▶ Material for this exercise:
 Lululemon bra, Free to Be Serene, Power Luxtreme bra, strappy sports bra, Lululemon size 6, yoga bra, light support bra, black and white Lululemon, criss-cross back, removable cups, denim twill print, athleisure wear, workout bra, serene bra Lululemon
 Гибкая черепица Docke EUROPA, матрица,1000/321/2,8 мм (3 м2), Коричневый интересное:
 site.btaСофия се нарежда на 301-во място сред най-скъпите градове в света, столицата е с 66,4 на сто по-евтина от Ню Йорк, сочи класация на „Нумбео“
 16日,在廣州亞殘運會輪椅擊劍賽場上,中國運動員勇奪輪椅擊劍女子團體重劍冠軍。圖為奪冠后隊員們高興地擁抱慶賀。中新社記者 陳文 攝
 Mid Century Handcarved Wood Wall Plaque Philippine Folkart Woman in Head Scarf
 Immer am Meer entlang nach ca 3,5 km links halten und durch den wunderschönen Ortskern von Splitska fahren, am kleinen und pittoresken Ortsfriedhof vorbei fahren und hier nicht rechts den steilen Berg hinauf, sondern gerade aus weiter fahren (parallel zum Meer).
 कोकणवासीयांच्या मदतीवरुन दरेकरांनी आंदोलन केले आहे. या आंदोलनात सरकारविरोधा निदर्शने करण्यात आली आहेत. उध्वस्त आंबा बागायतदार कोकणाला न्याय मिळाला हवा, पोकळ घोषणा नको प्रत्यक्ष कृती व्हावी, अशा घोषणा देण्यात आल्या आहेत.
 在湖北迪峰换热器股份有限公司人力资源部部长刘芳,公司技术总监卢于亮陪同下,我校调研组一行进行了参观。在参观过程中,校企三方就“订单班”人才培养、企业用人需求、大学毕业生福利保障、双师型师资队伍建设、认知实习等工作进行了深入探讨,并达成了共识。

--

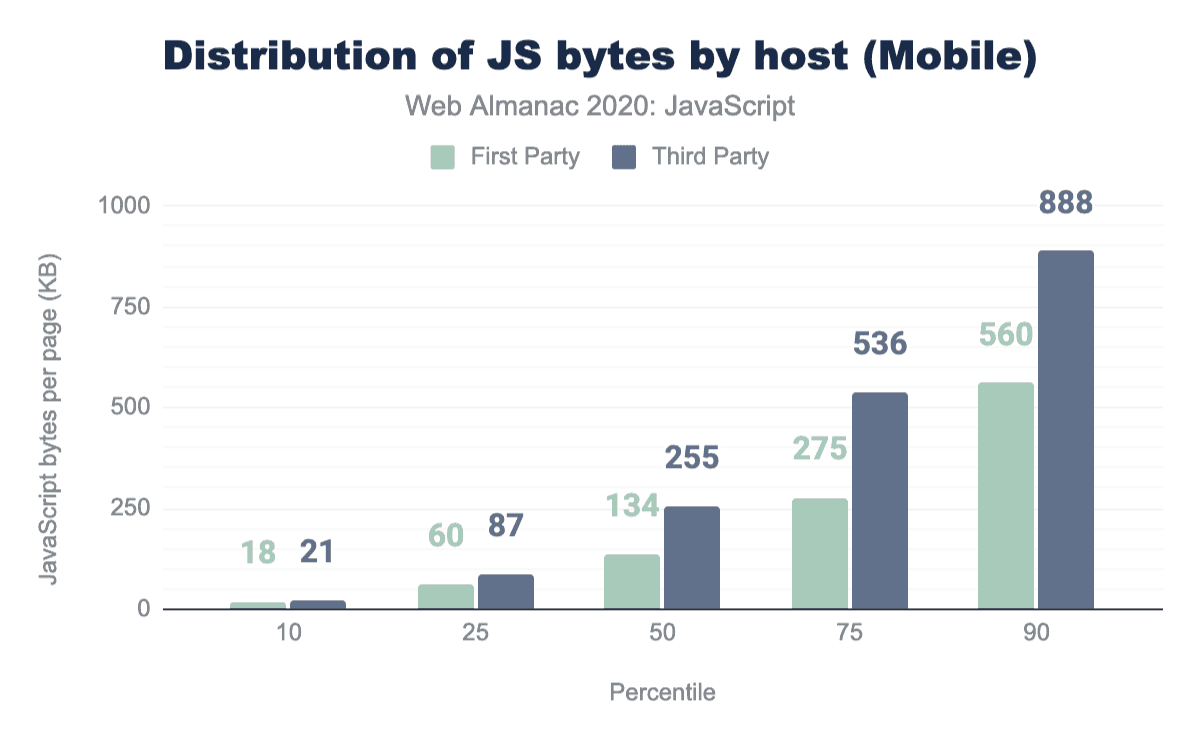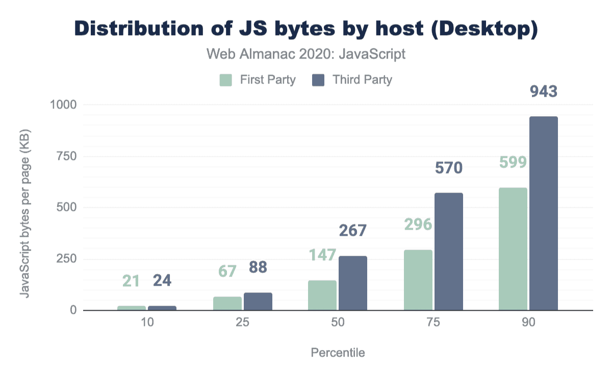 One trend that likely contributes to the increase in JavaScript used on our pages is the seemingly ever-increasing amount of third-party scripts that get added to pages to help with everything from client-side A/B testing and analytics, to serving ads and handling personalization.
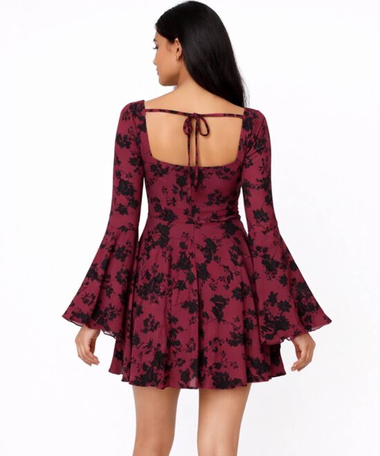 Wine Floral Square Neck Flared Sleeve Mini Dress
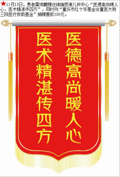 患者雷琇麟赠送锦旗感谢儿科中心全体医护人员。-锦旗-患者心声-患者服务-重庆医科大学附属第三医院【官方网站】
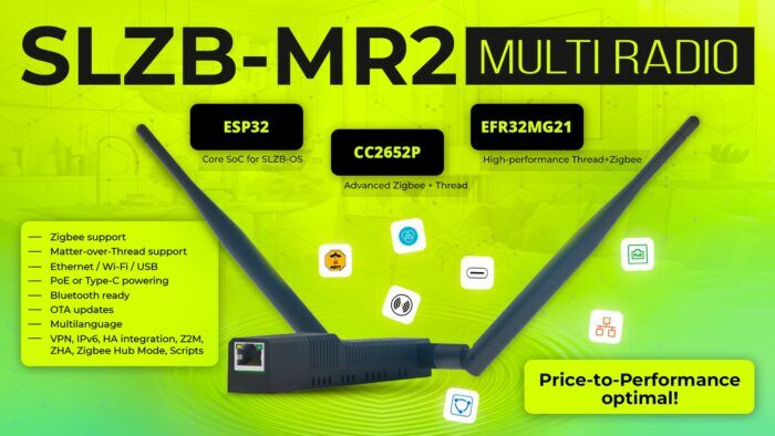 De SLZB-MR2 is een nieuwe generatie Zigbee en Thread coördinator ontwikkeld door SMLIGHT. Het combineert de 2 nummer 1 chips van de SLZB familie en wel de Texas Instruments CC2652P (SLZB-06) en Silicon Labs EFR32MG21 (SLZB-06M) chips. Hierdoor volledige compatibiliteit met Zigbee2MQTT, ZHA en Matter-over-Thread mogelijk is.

▶ Problem requirements:
Give back the records above exactly, limited to the lines between the one holding "कोकणवासीयांच्या मदतीवरुन दरेकरांनी" and the one holding "在湖北迪峰换热器股份有限公司", inclusive.

▶ Expected answer:
 कोकणवासीयांच्या मदतीवरुन दरेकरांनी आंदोलन केले आहे. या आंदोलनात सरकारविरोधा निदर्शने करण्यात आली आहेत. उध्वस्त आंबा बागायतदार कोकणाला न्याय मिळाला हवा, पोकळ घोषणा नको प्रत्यक्ष कृती व्हावी, अशा घोषणा देण्यात आल्या आहेत.
 在湖北迪峰换热器股份有限公司人力资源部部长刘芳,公司技术总监卢于亮陪同下,我校调研组一行进行了参观。在参观过程中,校企三方就“订单班”人才培养、企业用人需求、大学毕业生福利保障、双师型师资队伍建设、认知实习等工作进行了深入探讨,并达成了共识。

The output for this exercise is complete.